Frightened people, no matter how smart, are irrational people. You hate them and they just get more frightened, because the threats are mounting. Frightened people aren’t going to change their mind. They are just going to crawl deeper into their holes, quaking in fear.

Domineering egotistical eggheads/Emotionally manipulative egotistical gurus

I can get so mad at both of these sorts that I want to spit tacks. They are both out for power.

Certain eggheads want theirs to be the voice of authority regardless of the subject. They will speak outside of their expertise and expect people to fall down at their feet in agreement. They then get huffy when you question them. They are right in telling you to question the world, but that includes them. They are not magically above reproach, especially when their work is funded by corporate grants. Their behaviour can muddy the waters when it comes to convincing people about real dangers.

Hating these people isn’t helpful because they are capable of useful research. However, we should be expecting more honesty, integrity, and humility from our scientists. Theirs is not the highest calling on the planet. If you want to worship at someone’s feet for the importance of their calling, make sure to send your mom a nice card on Mother’s Day.

We find gurus in business as well as religion and spirituality. They can take something genuinely worth knowing and convince people to come on board to learn more. They can give lonely people a sense of community and a sense of purpose. Once they have you hooked, like some sort of social drug, you are then used to forward their status and agenda.

Negative attention gives these people more power. How big is Westboro Baptist really? How many people are involved with that group? However every time they do something shocking, it makes international news. This makes them feel important. News stations are told not to pump up stories about suicides and mass killers, because it encourages others to do the same. Do what you can to curb these people. Hold out a hand of compassion to the people trapped inside, so they have some hope of getting out.

The sin (but not the sinner)

I can see the point in “hating the sin, but not the sinner”. I dislike smoking, but I don’t dislike the people who are doing the smoking. However, hatred is the wrong word and the aphorism is applied indiscriminately. Do you hate left-handedness, but love the person? Hating something a person is born with is cruel and nonsensical: whether it be skin colour, gender, body-shape, ability, etc. This aphorism is a whitewashed excuse for hatred. It’s smiling with a weapon hidden behind your back. “See! I’m a good person because I am smiling…just remember I have a weapon.”
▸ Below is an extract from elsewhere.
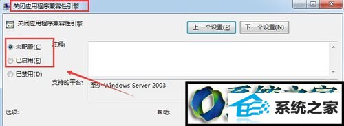 5:5、接下来,找到窗口中的另外一项关闭程序兼容性助理并双击,同样将未配置更改为已启用就可以了。

Hatred is a waste of your energy. You will never be able to use it to make a better world. You will just make your own life darker. If you use hatred to topple a destructive regime, it will be replaced with another destructive regime. Just look at any number of countries who have been in a cycle of violence for generations. Have your preferences: recognise toxic activities but just move away from them and be yourself. You change things by imagining better, by demonstrating better, by finding peace and joy inside yourself and sharing it. Then when you knock over a wall of darkness, you aren’t even looking at it…you are still moving ahead toward that brighter world because it is already in your hands.